Turning to the other side of the aisle, it will not likely come as any great surprise to voters and consumers that newly elected Republican politicians will abandon their promises to privatize so quickly. That, given the track record of the LCB in Pennsylvania, is what politicians do. For Republican politicians like Sen. Corman, quoted in the article as finding it curious that no groundswell for reform has come to his attention, I would say two things. First, most people have been so beaten down by the disingenuous support for the PA LCB over the years that they do not bother to complain any more. They have given up. Special interests protect the LCB. Everyone knows it. It is about political pull and influence, not logic or the welfare of Pennsylvanians. Nothing more, nothing less. Let's not pretend otherwise. Second, many don't complain any more because for them the LCB has long since simply become irrelevant. People work around it. The pretense that lack of complaint about the LCB means satisfaction with it is just that--pretense. New Jersey isn’t far, if you get the point. A system that constantly turns normal citizens into scofflaws is, of course, a total failure. The mere fact that happens regularly proves the system is not working.
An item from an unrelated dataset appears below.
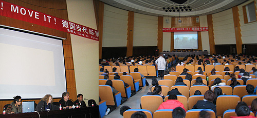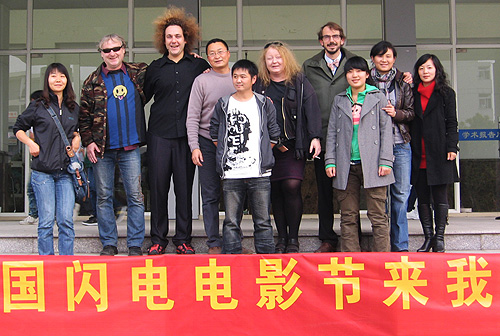 Bilderhunger, Boom und KonfusionBericht über ein deutsches Kurzfilmfestival in China![]() Crew: Willkommensgruß auf dem Banner (Fotos: Karsten Weber)Das Blitzfilm Festival wurde im 5. Jahr mit 28 Veranstaltungen in 15 Städten abgeschlossen, eine Tour de Force für die vierköpfige reisende Festivalcrew. Die Tour 2010 war der Erinnerung an die Wiege des deutschen Kinos gewidmet, das als Attraktion auf Jahrmärkten begann. Die ersten Filmvorführungen fanden nicht nur zwischen Marktschreiern und Magiern statt, die Filme selbst hatten Zauberei und Illusion zum Thema. So war es uns eine Freude den bekannten Entertainer und Zauberer Konrad Stöckel für das Festival gewonnen zu haben. Die Chinesen lieben die Zauberei, und so hat das staatliche Fernsehen erst kürzlich Zaubershows in das Programm aufgenommen. Wir konnten das Publikum gleich gewinnen und ihm dann auch, für chinesische Augen, schwere Kost anbieten. Es ging nicht allein darum, deutsche Kurzfilme im Reich der Mitte zu präsentieren, sondern es war ein Versuch, ein tieferes Verständnis der Werke aus einem anderen Kulturkreis zu ermöglichen. ![]() Der Magier Konrad StöckelChina, ein Land eines unglaublichen Wirtschaftsbooms, mit futuristisch anmutenden Städten voller Modeläden, Miniröcken und trendigen Frisuren. Man mag nicht glauben, dass das Verständnis von Filmen manchmal nur an einer leicht experimentellen oder ungewohnten Erzählweise scheitert. Unter der sehr modernen Oberfläche des Landes liegt eine wahrhaft andere Kultur. Unsere bisherige Chinaefahrung hatte Einfluss auf Programmauswahl und Präsentationsform. Es galt, sich flexibel an den jeweiligen Veranstaltungsort und dessen Publikum anzupassen. Über die Jahre sind wir immer weiter in die chinesische Kulturszene eingetaucht. Sowohl die staatlichen Institutionen als auch die freie Kunstszene bieten einen immer größeren Rahmen für deutsche Filmproduktionen und Hintergrundinformationen. Nach der langen Abschottung ist der Hunger nach neuen Bildern groß, gilt es, vieles nachzuholen. Einladungen kamen von Filminstitutionen bis zu großen Universitäten, vom Museum of Modern Art bis zur Hinterhofgalerie. Die Veranstaltungsorte reichten vom Dorfplatz bis zur Vorführung in der angesagtesten Galerie. Die Bedürfnisse sind ebenso verschieden. In staatlichen Einrichtungen war es nicht möglich, Filme mit pornografischem Inhalt zu zeigen, auch wenn es sich nur um Animationsfilme handelte. Einige Professoren bestanden darauf, sich just diese Filme in einem Privatscreening ansehen zu können. Die Kunstszene ist damit beschäftigt, ihre Möglichkeiten auszuloten, und im Moment ist es es en vogue, die Tabus der sexuellen Darstellung in der Kunst zu brechen. Wir kamen da wie gerufen, und alle Ankündigungen, es gebe etwas Skandalöses zu sehen, machten das Publikum nur noch neugieriger. ![]() Heiß auf Neues und SkandalösesDas Zusammentreffen europäischer mit konfuzianistischer Kultur verläuft nicht reibungsfrei und sorgt für lange Diskussionen. So bedeutet eine Reise aus dem krisengeschüttelten Europa in das Boomland einen Kulturschock: Die jungen Chinesen träumen den Traum vom ewigen Wachstum. Konsum und Karriere sind die dominierenden Wünsche der Studenten. Der Gedanke hinter Independent- und Undergroundfilmen wollte sich vielen nicht erschließen. Eine Arbeit ohne finanziellen Gewinn? Was soll denn das?! Wo man in anderen Ländern den Traum vom Fußballprofi oder Popstar träumt, ist es in China die Karriere in der Kunst. Und die Neureichen schmücken sich mit zeitgenössischer Kunst und mit Künstlern. Wir wurden in dieser Szene weitergereicht und trafen dort Intellektuelle, die die aktuellen Entwicklungen Chinas kritisch bis tief pessimistisch beurteilen. Das fortschreitende Auseinanderklaffen der Schere zwischen Arm und Reich ist auf Dauer kaum in den Griff zu bekommen. Derweil trifft man sich in schicken Galerien und privat finanzierten Museen. Die Reichen ziehen sich zurück in eigene Stadtteile, die durch Mauern, Überwachungskameras und Wachleute geschützt werden. Es hat sich im letzten Jahrzehnt auch eine unabhängige Filmszene außerhalb staatlicher Kontrolle entwickelt. Gerade Kunsthochschulen haben Interesse an den Entwicklungen des unabhängigen Films in Deutschland und den Wechselbeziehungen zwischen Mainstream und Underground. Wir hielten Vorlesungen zum Thema mit Filmbeispielen und konnten auf diverse Wünsche der Hochschulen und Studenten eingehen. Wir behandelten z.B. den Animationsfilm als separates Thema oder boten Workshops über Filmästhetik an. ![]() Move It! Vorlesung über TrickfilmUnd überall fanden wir Zuschauer, die die Geschichten und Anspielungen aus den deutschen Filmen auf ihr Leben beziehen konnten. Umweltzerstörung wurde von Zuschauern thematisiert, und sie schienen überrascht, solch ein Thema in lustigen Zeichentrickfilmen zu finden statt in Dokumentationen. Die Bilder von den Auseinandersetzungen um Stuttgart 21 bedurften keiner weiterer Erklärung: Pläne von Investoren, die von Politikern und Polizei gegen den Willen der Bevölkerung durchgesetzt werden, und den schmerzhaften Zusammenprall beider Interessengruppen kennt man in China zur Genüge. Man war überrascht, auf welchen Gebieten sich die Kulturen so wenig unterschieden. Der Übergang von einem sozialistischen System in den Turbokapitalismus hinterlässt Spuren. Wir erlebten die mehrheitlich atheistischen Chinesen sowieso als abergläubische Menschen, und in Zeiten des Umbruchs suchen viele ihren Halt in der Religion. Die religiöse Freiheit ist im Westen wenig bekannt. Der Staat reagiert nur dann rigoros, wenn Religionsgemeinschaften es wagen, den Staat zu kritisieren oder staatlicher Autorität Konkurrenz machen. Es gibt muslimische Regionen und Stadtteile, Moscheen, Kopftücher und Schleier, doch vieles wird locker und recht chinesisch gehandhabt. In vielen muslimischen Restaurants kann man sein eigenes Bier mitbringen. Der Vatikan ist wenig begeistert von d

The LCB apparently misses that irony when it complains to the Legislature that more effort is needed to stop "border bleed." Translated, what they mean by that is: "We, the self-proclaimed world-class organization, can't actually compete well with small businesses across the river, so let's arrest normal Pennsylvanians en masse to stop them from shopping in other places." You've got a friend in Pennsylvania! Those people are customers who could be recaptured by an intelligent system, not law enforcement which has never worked. Who knows, maybe New Jersey residents would actually shop here, too. They work here. Stop at a store after work, bring some stuff home. The possibilities are endless.
There is no point trying to repair the LCB. It simply should not be a governmental function. The state government is now controlled by Republicans. If Republicans, who of late noisily campaigned on supporting private enterprise, limiting government and eviscerating public unions, can’t get this clear and obvious step done, I imagine their hypocrisies will be all too visible to even their most partisan supporters.
It's time for the LCB to go. This is the time. Let's get it done. No more waffling.